Two Students' Perspectives: Nadira K Charaniya and Jane West Walsh
Collaborative research is a rich and productive way of working when there is shared commitment to one another as research partners, shared vision about the purpose of the research, genuine respect for one another as colleagues, and a compatible willingness to do the hard work all research demands. As fellow cohort members, we established a collaborative learning partnership, in the first year of our doctoral program. This included establishing deep trust and respect for one another, selection of one another as learning partners for projects, discovery of common goals, different but complementary personality traits, and a synergy in our working relationship (Sgroi & Saltiel, 1998).

In the second summer institute, a two week residential learning component of the program, we had to decide whether we would transform our collaborative learning partnership into a fully collaborative research partnership. To make this decision, we committed ourselves to writing a collaborative concept paper, outlining the purpose of the research we intended to carry out. Writing this concept paper, we confronted the challenge of imagining the final form of the CEP. At first, we could see only one option. We knew about the traditional dissertation with one author. The completely collaborative model seemed so unfamiliar and risky that we first imagined parallel research projects with parallel dissertations as an outcome. When we shared this plan with Randee, a member of the faculty team that summer, she challenged us about this decision. She encouraged us to imagine what a fully collaborative project might look like. We did. Legitimacy then became our main concern. In time, however, we realized that collaborative inquiry was a preferred model for our particular research project about interreligious dialogue. Concerns about legitimacy faded away and we moved on to fully engaging in, and writing about (Charaniya & West Walsh, 2000), collaborative inquiry.

Expanding Knowledge

This roundtable session provides an opportunity to share experiences related to collaborative inquiry as a research methodology. In particular, this session is intended to (a) raise awareness of collaborative inquiry as a research methodology; (b) create an opportunity for a broad cross-section of stakeholders involved in graduate adult education programs to consider the potential for knowledge construction through collaborative inquiry; (c) identify obstacles to collaborative work in the academy; and (d) discuss how to overcome the obstacles as defined. Roundtable participants are encouraged to share their own experiences and ideas about collaborative inquiry.

References

Charaniya, N.K., & West Walsh, J. (2000). Connecting trials: Collaborative inquiry as research methodology. In M. Glowacki-Dudka (Ed.), Proceedings of the 19th Annual Midwest Research to Practice Conference in Adult, Continuing, and Community Education (pp. 63-68). Madison, Wisconsin.

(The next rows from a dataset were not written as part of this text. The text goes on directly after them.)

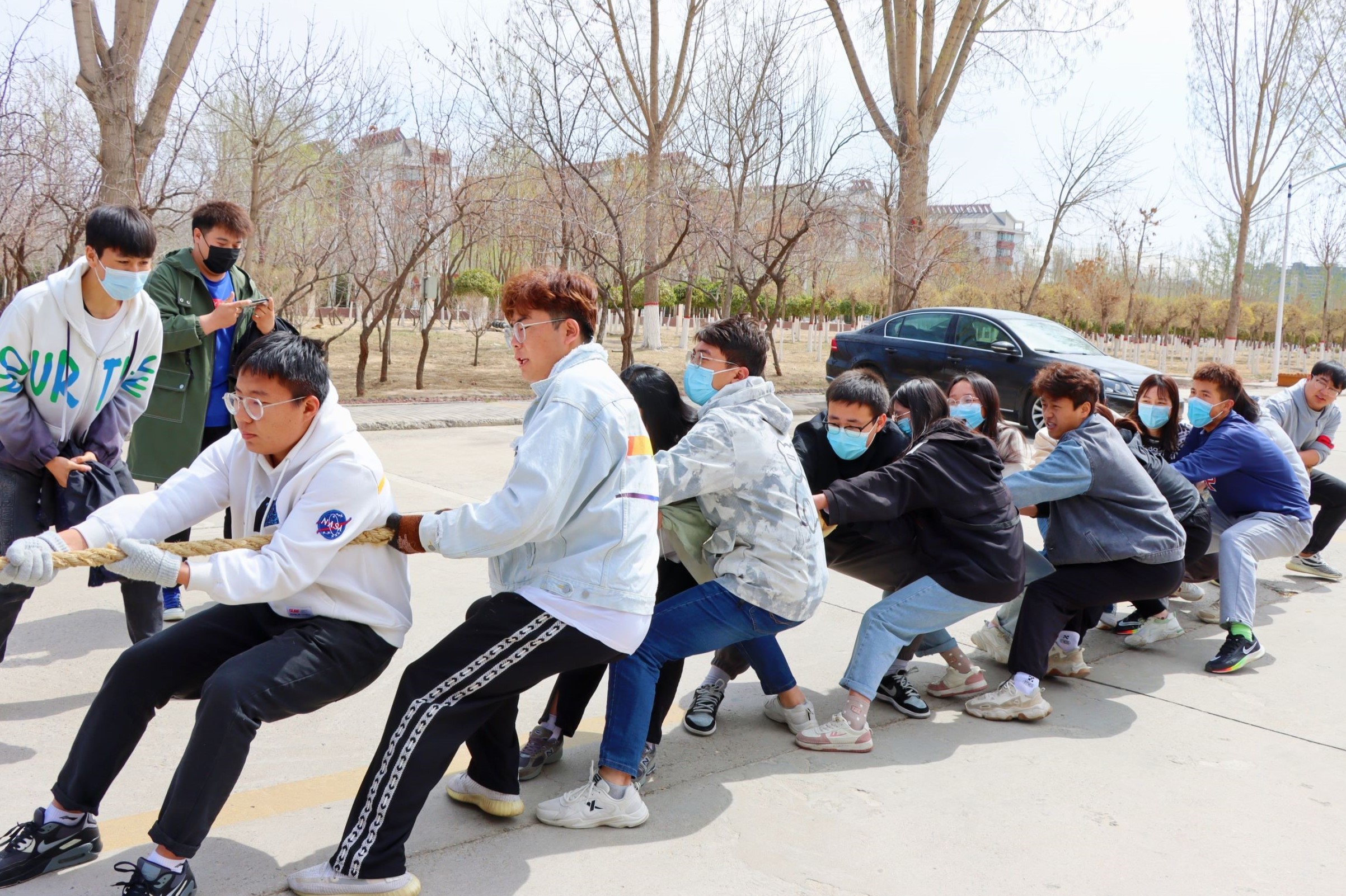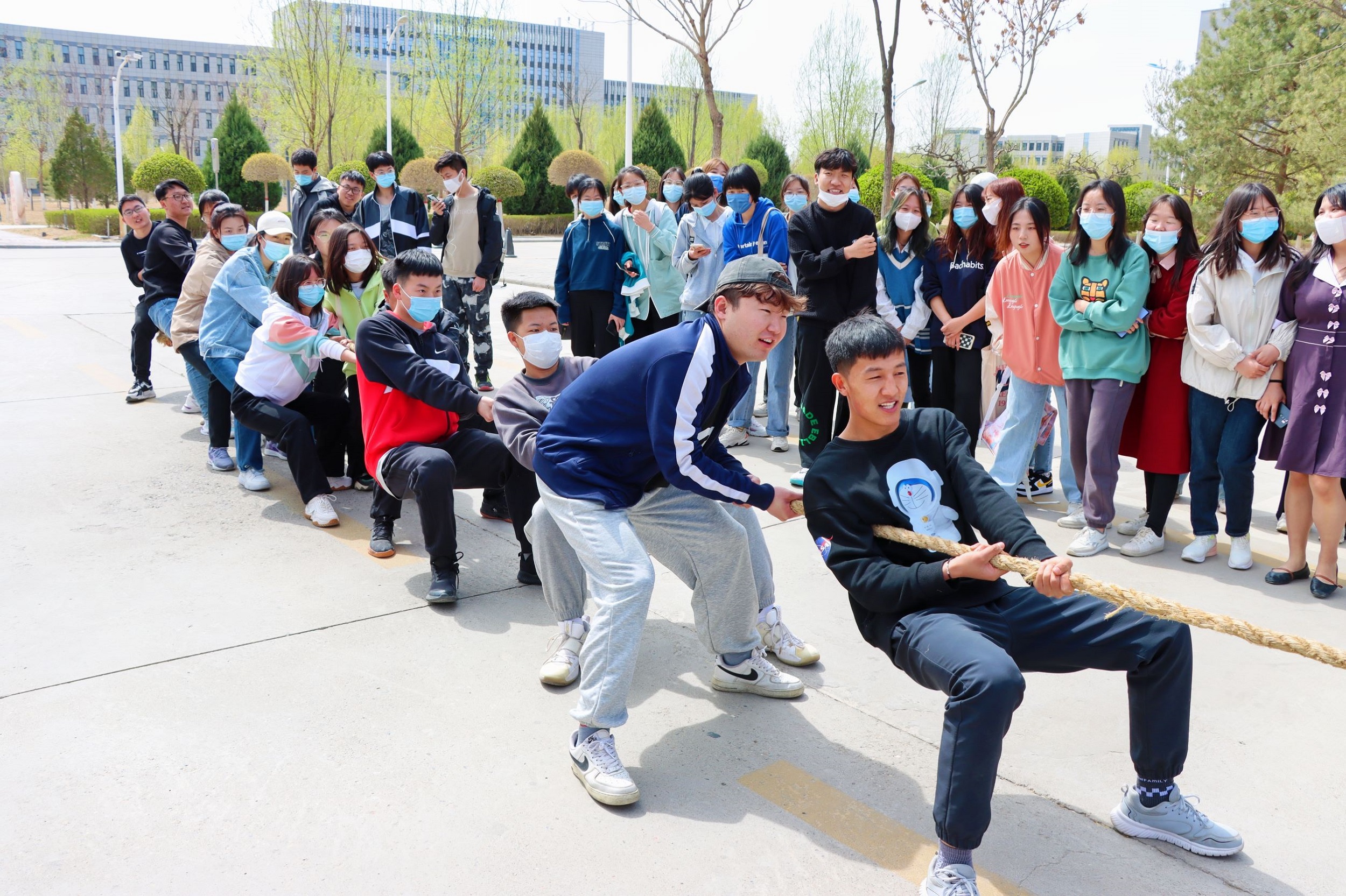于3月29日组织开展“逐梦杯”拔河比赛。本次比赛有来自2019级至2021级共三个年级组成的14支队伍参加,赛期三天。
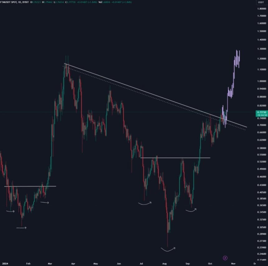 Meanwhile, other market watchers suggested that FTM will hit a new ATH before its token migration. As reported by NewsBTC, Fantom is set to transition to the Sonic Network between November and December of this year.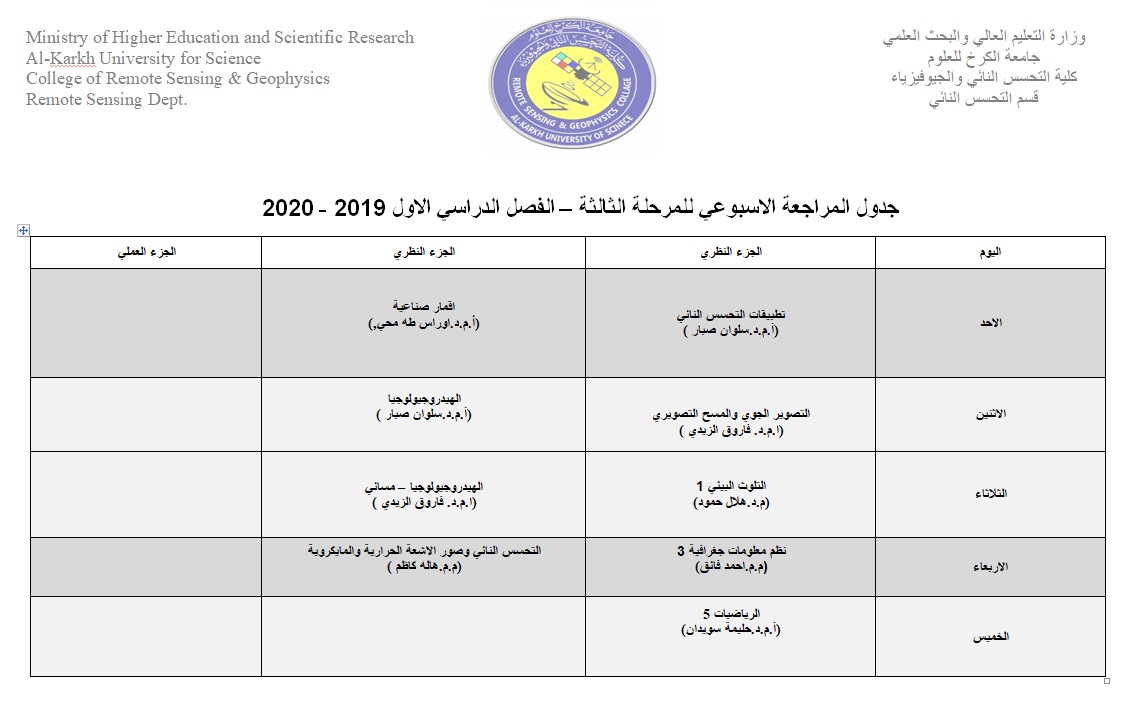 لقسمي التحسس النائي وقسم الجيوفيزياء .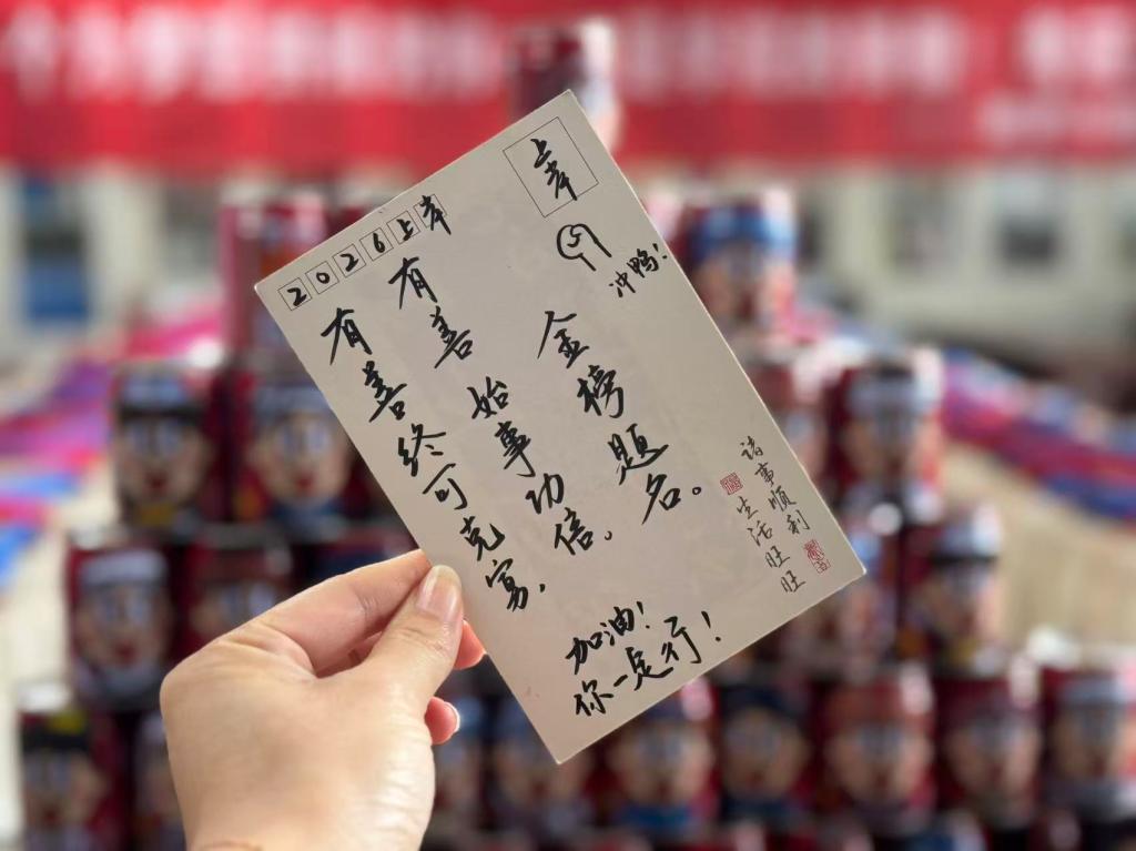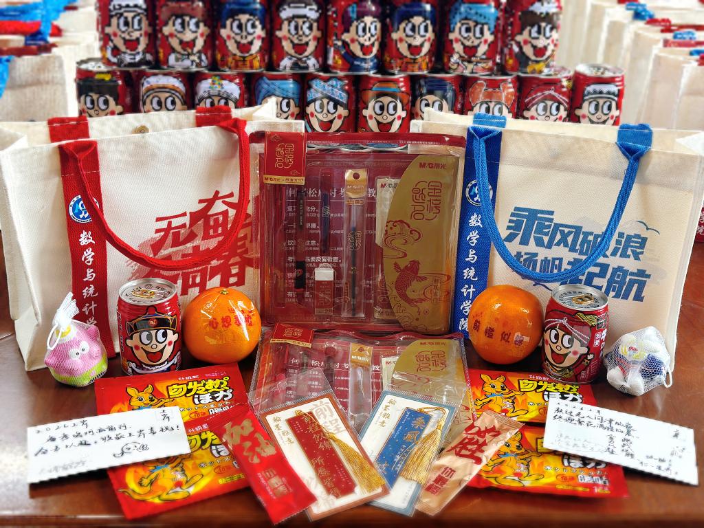 同学们收到实用又寓意深长的礼包后喜悦洋溢。礼包中有寓意“下笔有神,答卷顺利”的锦鲤文具包、“暖心陪伴,冬日温暖”的暖宝宝、“金榜题名,前程似锦”的励志书签、学院师生手写寄语的励志明信片、“身体棒棒,士气棒棒”的激励棒棒糖、“心想事‘橙’,马到‘橙’功”的橙子、“运气旺旺,斗志昂扬”的旺仔牛奶、“捏走压力 动力满满”的解压小玩偶,还有用于整合包装所有物品的定制加油礼袋,处处体现着学院的用心和关怀。张彩霞同学表示:“在冲刺的关键阶段收到学院的礼物和老师的鼓励,心里特别暖,复习也更有劲儿了!”

Lawrence, R. L. and Mealman, C. A. (1999). Collaborative ways of knowing: Storytelling, metaphor and theemergence of the collaborative self. Proceedings of the 40th Annual Adult Education Research Conference (pp. 187-192). Dekalb, Illinois.

Mealman, C.A. and Lawrence, R. L. (1998). Co-creating knowledge: A Collaborative inquiry into collaborative inquiry. Proceedings of the 17th Annual Midwest Research-to-Practice Conference in Adult, Continuing, and Community Education (pp.133-138). Muncie, Indiana.

Sgroi, A., & Saltiel, I. (1998). Human connections. In I.M. Saltiel, A.Sgroi, & R.G. Brockett (Eds.), The power and potential of collaborative learning partnerships. New Directions for Adult and Continuing Education. #79 (pp.87 - 92). San Francisco: Jossey-Bass.